#### About this task
Only an exact reprint of all the data is acceptable.

#### Collected material
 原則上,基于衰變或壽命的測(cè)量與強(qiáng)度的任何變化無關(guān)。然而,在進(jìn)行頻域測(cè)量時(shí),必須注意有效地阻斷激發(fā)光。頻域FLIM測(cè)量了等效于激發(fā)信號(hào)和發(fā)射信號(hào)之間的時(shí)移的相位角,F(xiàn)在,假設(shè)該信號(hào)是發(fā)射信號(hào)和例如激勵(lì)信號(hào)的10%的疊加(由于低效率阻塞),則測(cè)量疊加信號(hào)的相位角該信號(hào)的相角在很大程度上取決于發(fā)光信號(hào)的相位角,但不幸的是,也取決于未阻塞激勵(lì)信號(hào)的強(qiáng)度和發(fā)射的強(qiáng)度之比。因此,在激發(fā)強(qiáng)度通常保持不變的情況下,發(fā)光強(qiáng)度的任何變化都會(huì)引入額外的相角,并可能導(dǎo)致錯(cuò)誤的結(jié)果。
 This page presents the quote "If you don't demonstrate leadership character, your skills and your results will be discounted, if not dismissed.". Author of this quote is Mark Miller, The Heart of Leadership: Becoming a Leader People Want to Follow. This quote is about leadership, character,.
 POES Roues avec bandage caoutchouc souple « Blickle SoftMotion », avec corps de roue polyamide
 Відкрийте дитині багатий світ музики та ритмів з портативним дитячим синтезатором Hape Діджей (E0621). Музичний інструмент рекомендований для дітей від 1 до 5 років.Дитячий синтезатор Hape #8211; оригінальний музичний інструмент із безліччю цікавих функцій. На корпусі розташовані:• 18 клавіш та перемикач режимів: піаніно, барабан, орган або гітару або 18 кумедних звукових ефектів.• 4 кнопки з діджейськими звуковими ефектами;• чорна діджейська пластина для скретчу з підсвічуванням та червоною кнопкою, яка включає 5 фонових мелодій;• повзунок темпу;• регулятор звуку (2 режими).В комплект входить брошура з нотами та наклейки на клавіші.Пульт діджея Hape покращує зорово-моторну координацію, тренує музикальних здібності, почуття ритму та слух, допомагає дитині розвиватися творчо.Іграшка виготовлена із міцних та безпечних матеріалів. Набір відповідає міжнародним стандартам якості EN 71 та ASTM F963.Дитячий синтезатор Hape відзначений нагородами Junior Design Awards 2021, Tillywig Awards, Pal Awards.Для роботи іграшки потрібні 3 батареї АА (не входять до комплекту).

#### Answer box
 原則上,基于衰變或壽命的測(cè)量與強(qiáng)度的任何變化無關(guān)。然而,在進(jìn)行頻域測(cè)量時(shí),必須注意有效地阻斷激發(fā)光。頻域FLIM測(cè)量了等效于激發(fā)信號(hào)和發(fā)射信號(hào)之間的時(shí)移的相位角,F(xiàn)在,假設(shè)該信號(hào)是發(fā)射信號(hào)和例如激勵(lì)信號(hào)的10%的疊加(由于低效率阻塞),則測(cè)量疊加信號(hào)的相位角該信號(hào)的相角在很大程度上取決于發(fā)光信號(hào)的相位角,但不幸的是,也取決于未阻塞激勵(lì)信號(hào)的強(qiáng)度和發(fā)射的強(qiáng)度之比。因此,在激發(fā)強(qiáng)度通常保持不變的情況下,發(fā)光強(qiáng)度的任何變化都會(huì)引入額外的相角,并可能導(dǎo)致錯(cuò)誤的結(jié)果。
 This page presents the quote "If you don't demonstrate leadership character, your skills and your results will be discounted, if not dismissed.". Author of this quote is Mark Miller, The Heart of Leadership: Becoming a Leader People Want to Follow. This quote is about leadership, character,.
 POES Roues avec bandage caoutchouc souple « Blickle SoftMotion », avec corps de roue polyamide
 Відкрийте дитині багатий світ музики та ритмів з портативним дитячим синтезатором Hape Діджей (E0621). Музичний інструмент рекомендований для дітей від 1 до 5 років.Дитячий синтезатор Hape #8211; оригінальний музичний інструмент із безліччю цікавих функцій. На корпусі розташовані:• 18 клавіш та перемикач режимів: піаніно, барабан, орган або гітару або 18 кумедних звукових ефектів.• 4 кнопки з діджейськими звуковими ефектами;• чорна діджейська пластина для скретчу з підсвічуванням та червоною кнопкою, яка включає 5 фонових мелодій;• повзунок темпу;• регулятор звуку (2 режими).В комплект входить брошура з нотами та наклейки на клавіші.Пульт діджея Hape покращує зорово-моторну координацію, тренує музикальних здібності, почуття ритму та слух, допомагає дитині розвиватися творчо.Іграшка виготовлена із міцних та безпечних матеріалів. Набір відповідає міжнародним стандартам якості EN 71 та ASTM F963.Дитячий синтезатор Hape відзначений нагородами Junior Design Awards 2021, Tillywig Awards, Pal Awards.Для роботи іграшки потрібні 3 батареї АА (не входять до комплекту).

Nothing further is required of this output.